In such a time we might ask whether knowledge alone -- severed from wisdom -- is worth what it is costing us. And if it is not worth the cost, how then are we to bring wisdom, however haltingly, back into our lives, re-connecting it with knowledge?

The Philosopher’s Stone

The aim of this article is to consider dreams as a potential source of wisdom. But first, let’s consider a few qualities of wisdom itself. Admittedly, sometimes wisdom rises to the level of rarified mystical insight or philosophical perception. But equally striking, and perhaps more important for our purposes, is the very commonness of it. An alchemical saying, referring to the Philosopher’s Stone, expresses it thus: “Here stands the mean uncomely stone, ‘Tis very cheap in price! The more it is despised by fools, the more loved by the wise.”
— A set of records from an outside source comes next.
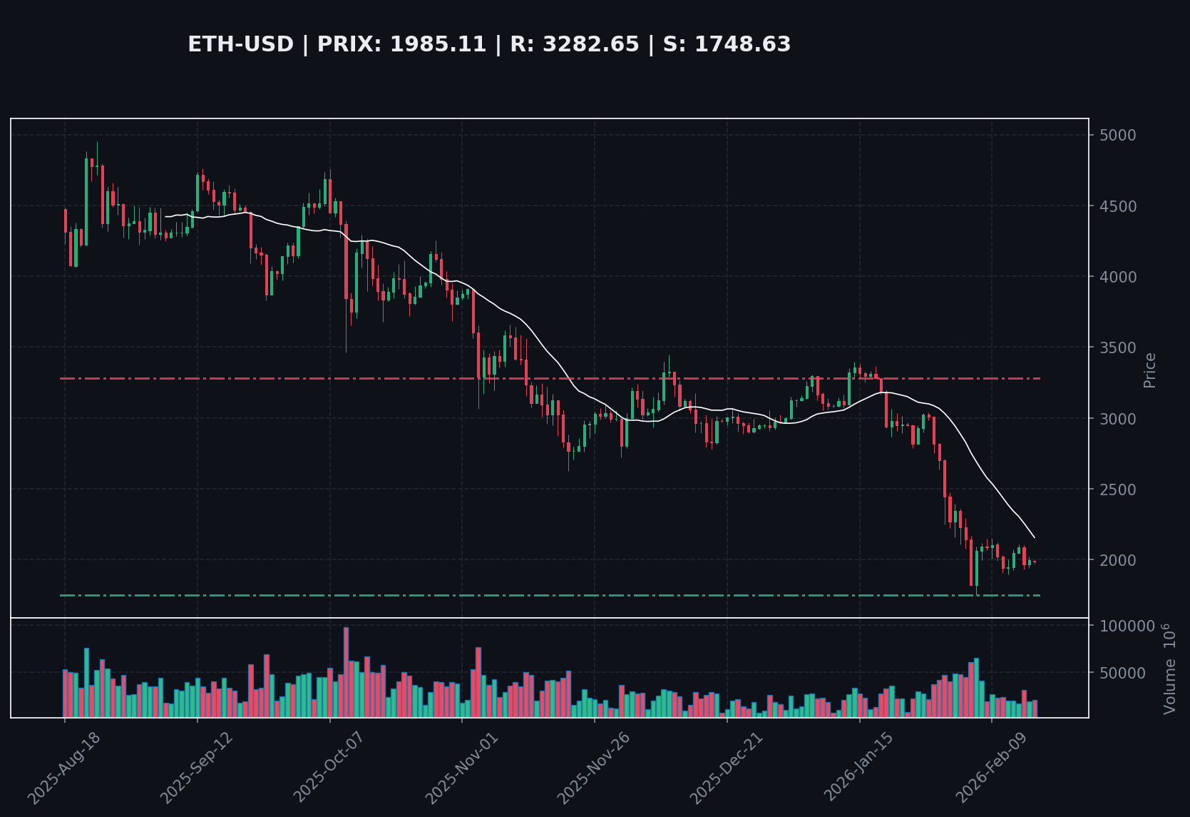 Ethereum (ETH-USD) se négocie à 1985.11, avec un RSI (14) de 34.46. Le support (bas de 30 jours) se situe à 1748.63, tandis que la résistance (haut de 30 jours) est à 3282.65. La SMA 200 (tendance longue) est à 3529.17. Le signal technique global est actuellement neutre. Si Ethereum casse la résistance à 3282.65, l'objectif suivant serait plus haut. Sinon, un retour vers le support à 1748.63 est possible.
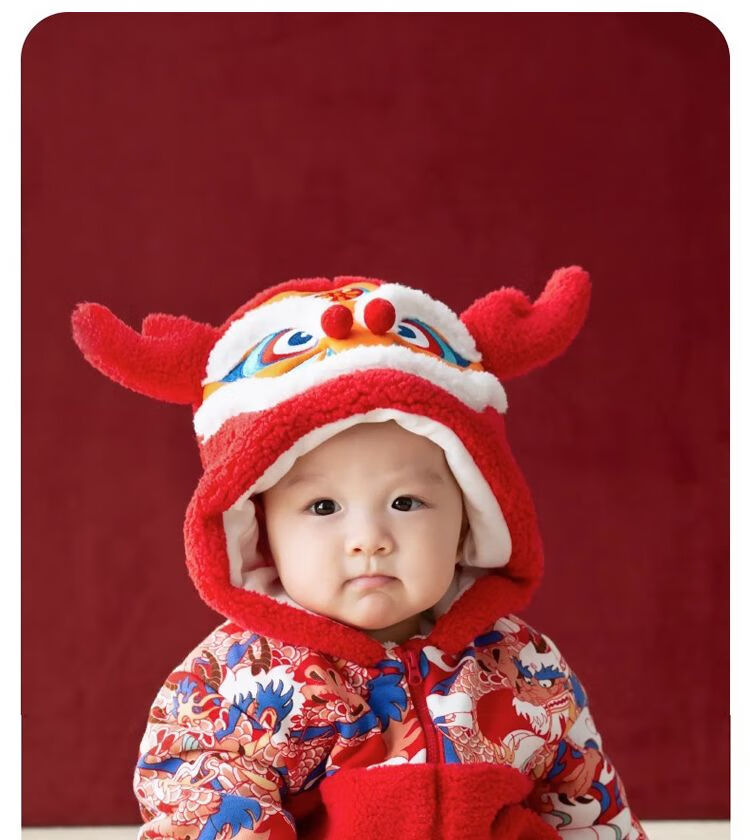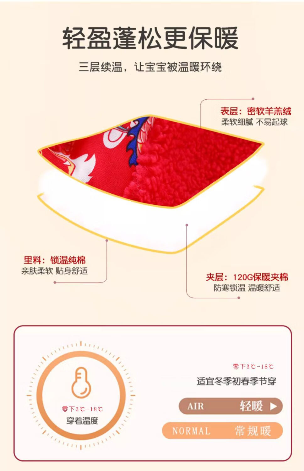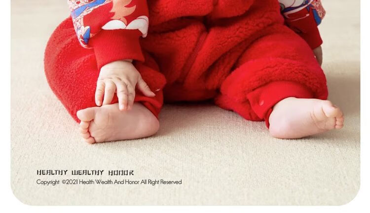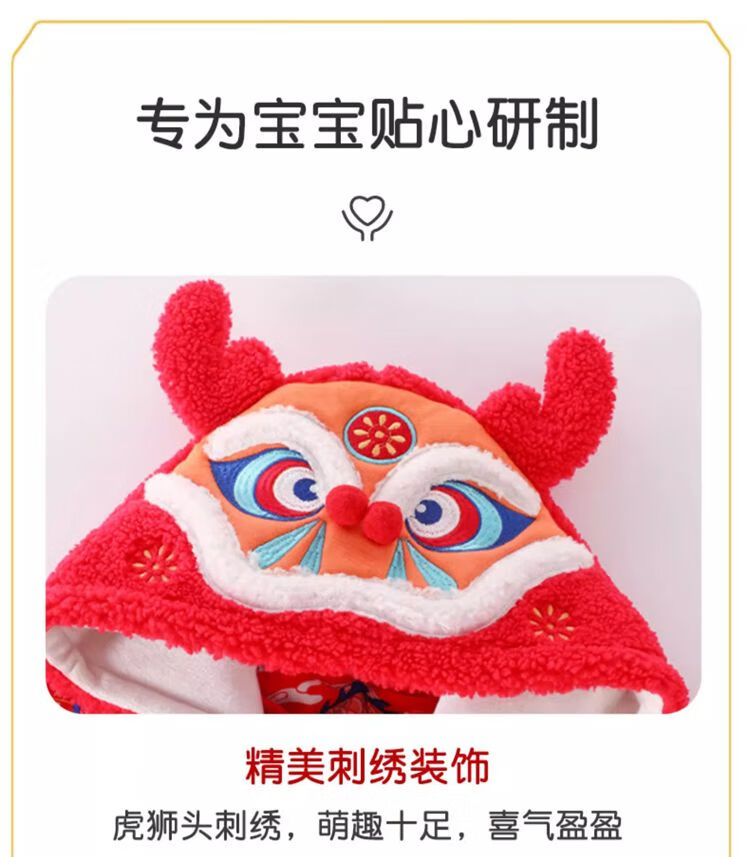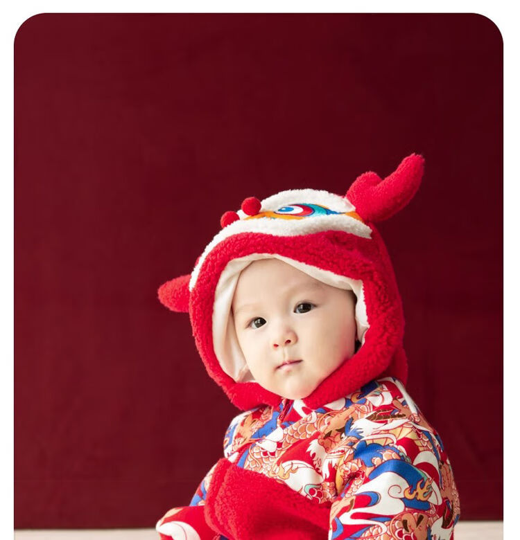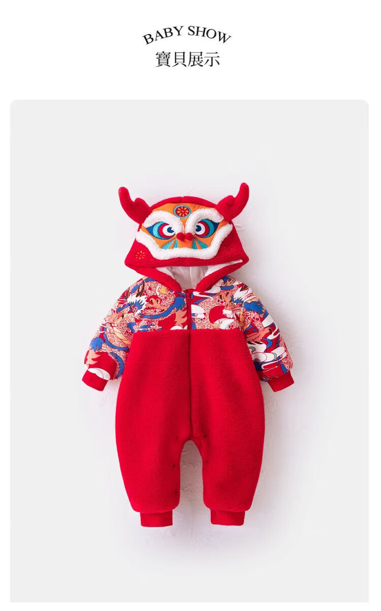 Meng Yitang full-month clothes for boys and girls, plus velvet clothes for boys and girls, thickened festive New Year clothes for 100-day birthday party for newborns, Guochao Xianglong 66
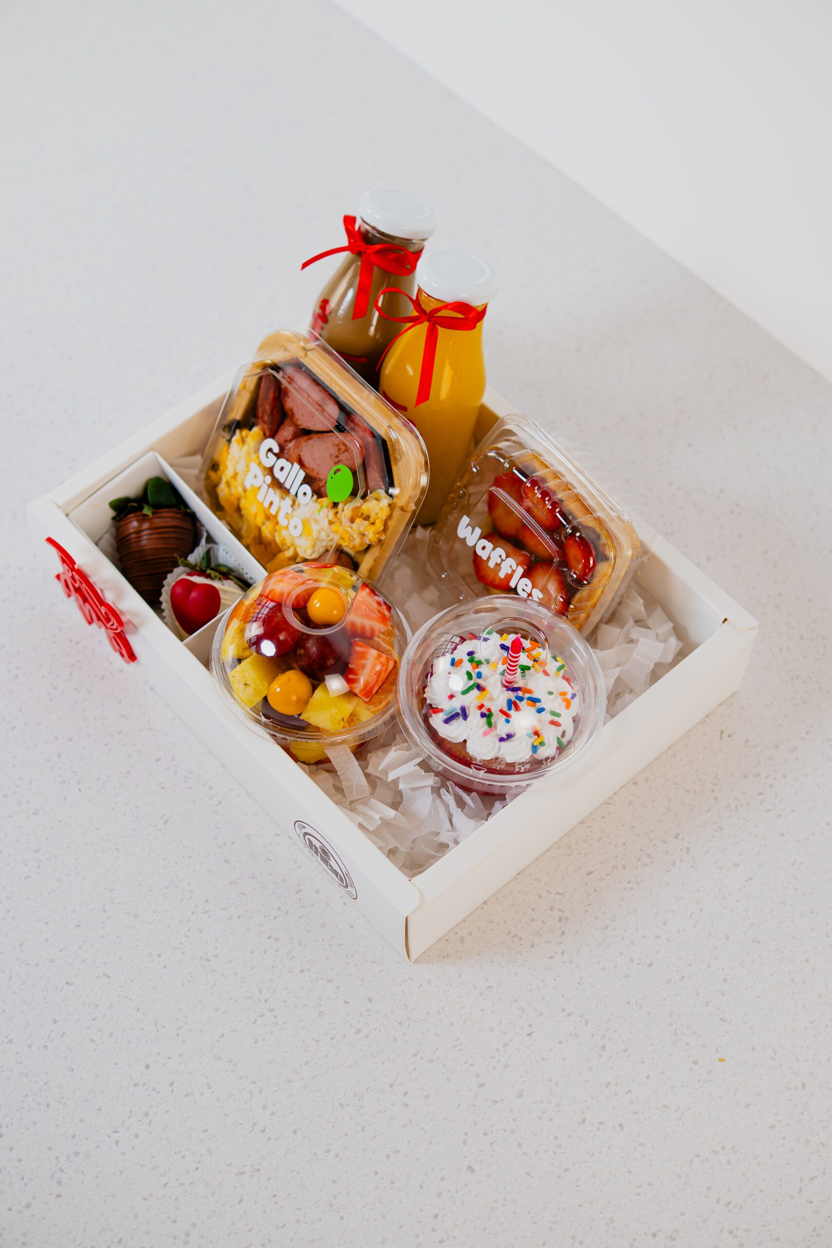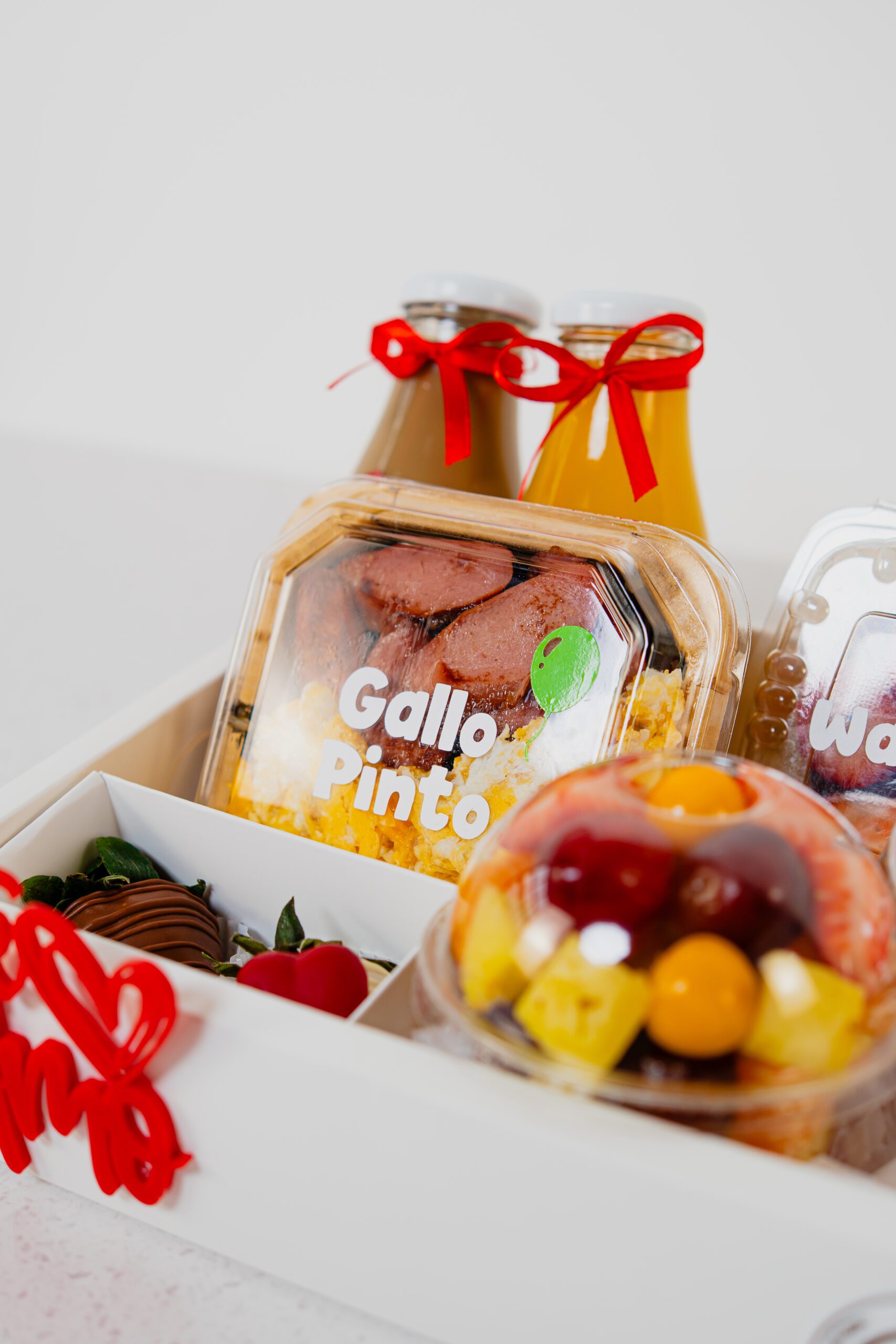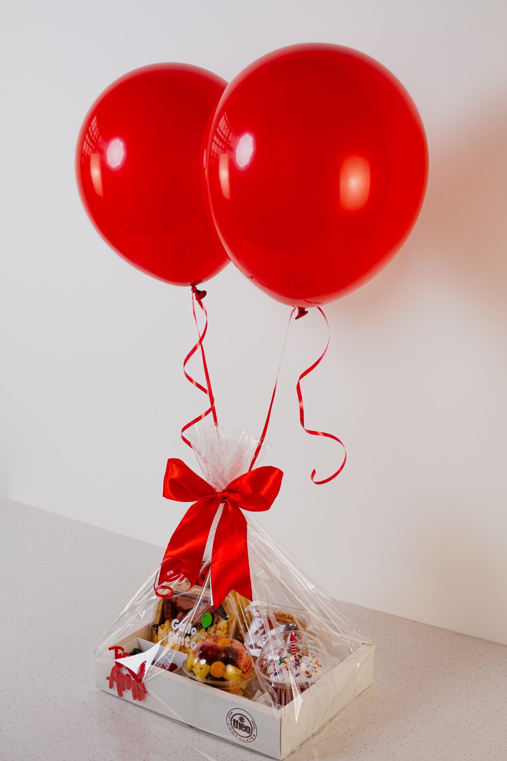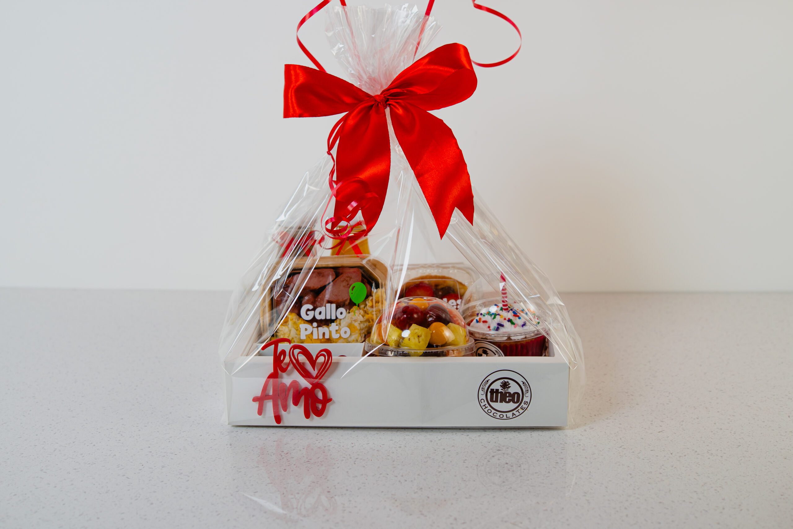 • Caja de cartón blanco rígido decorada con un topper de “Te Amo” y empacado en celofán con lazo y colilla personalizada
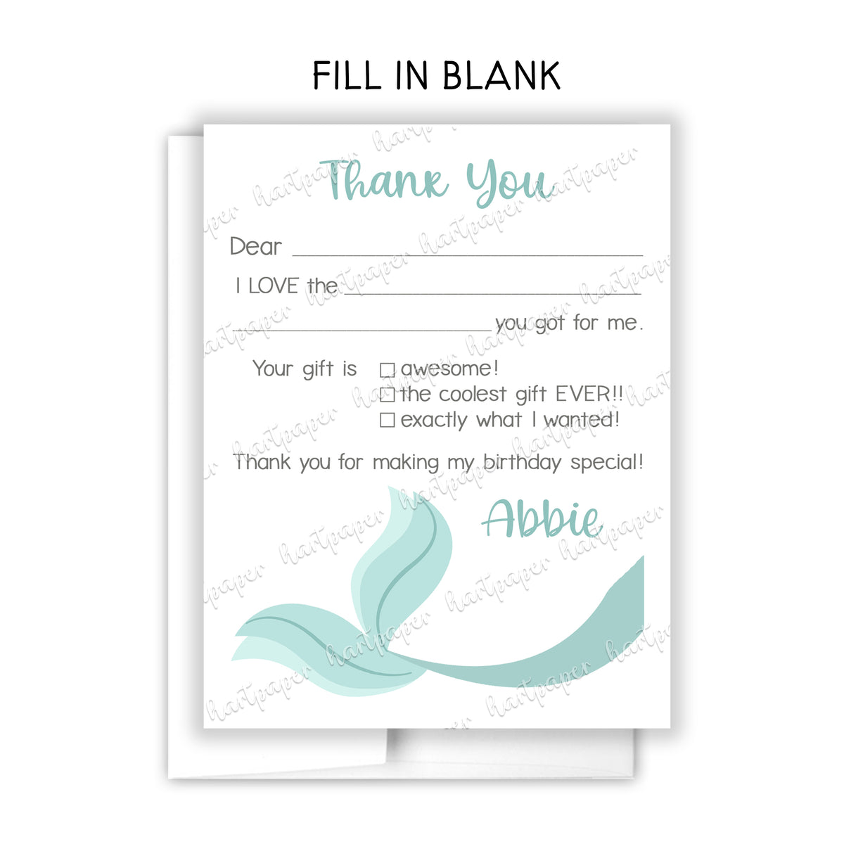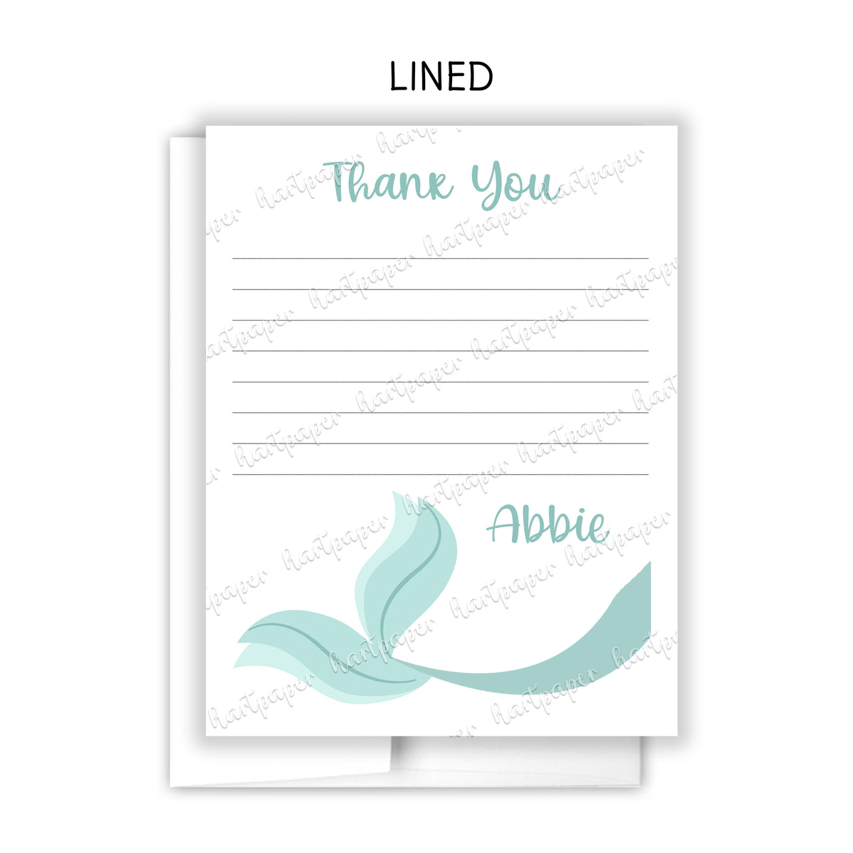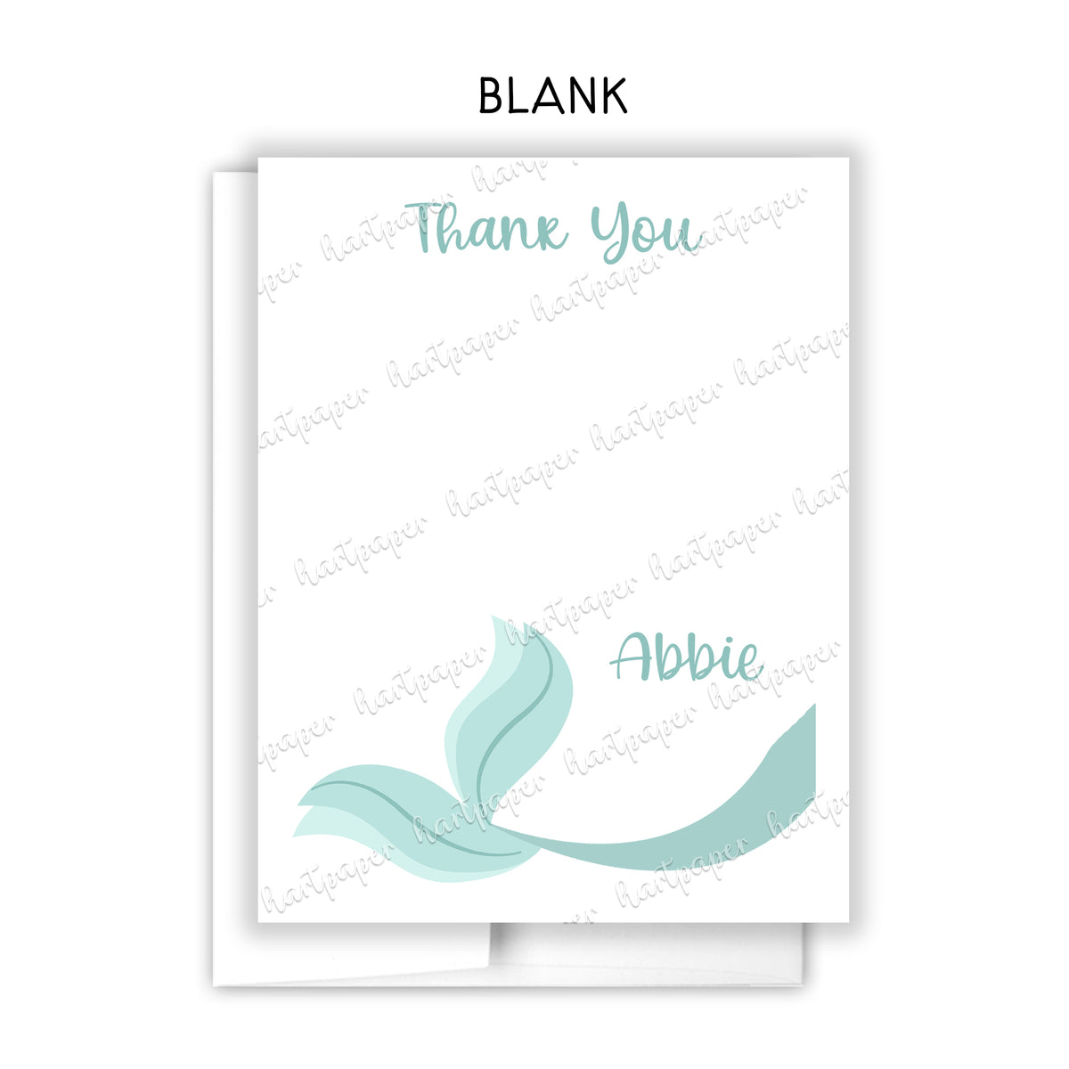 Mermaid Tail Thank You Note Card Personalized Custom Stationery • Fill in Blank, Lined or Blank Cards

On a practical level, wisdom may come into play when we exercise discernment and insight. If a politician lies to us, for example, and we cannot discern the lie, then we can have little insight into the personality of that politician and little chance of responding wisely to the slogans and propaganda issuing forth from the media under his or her control. How can we be wise citizens in a troubled time if we do not actively seek such discernment and cultivate such insight? But with discernment, we are one step closer to wisdom.

Ironically, young children sometimes have an uncanny ability -- and why not call it wisdom? -- to see through social poses and put their finger on the telling characteristics of someone they meet. This reveals an unconscious capacity for discernment. The fairy tale about the Emperor’s clothes points to the presence of wisdom in the young, as does the expression “Out of the mouths of babes.” But what is freely given in childhood is too often drummed out of us by the time we are adults. The attainment of wisdom then becomes a matter of recovering something that we once had, but lost. I wonder if this in part is what Jesus referred to when he said “Except ye become as little children . . . .”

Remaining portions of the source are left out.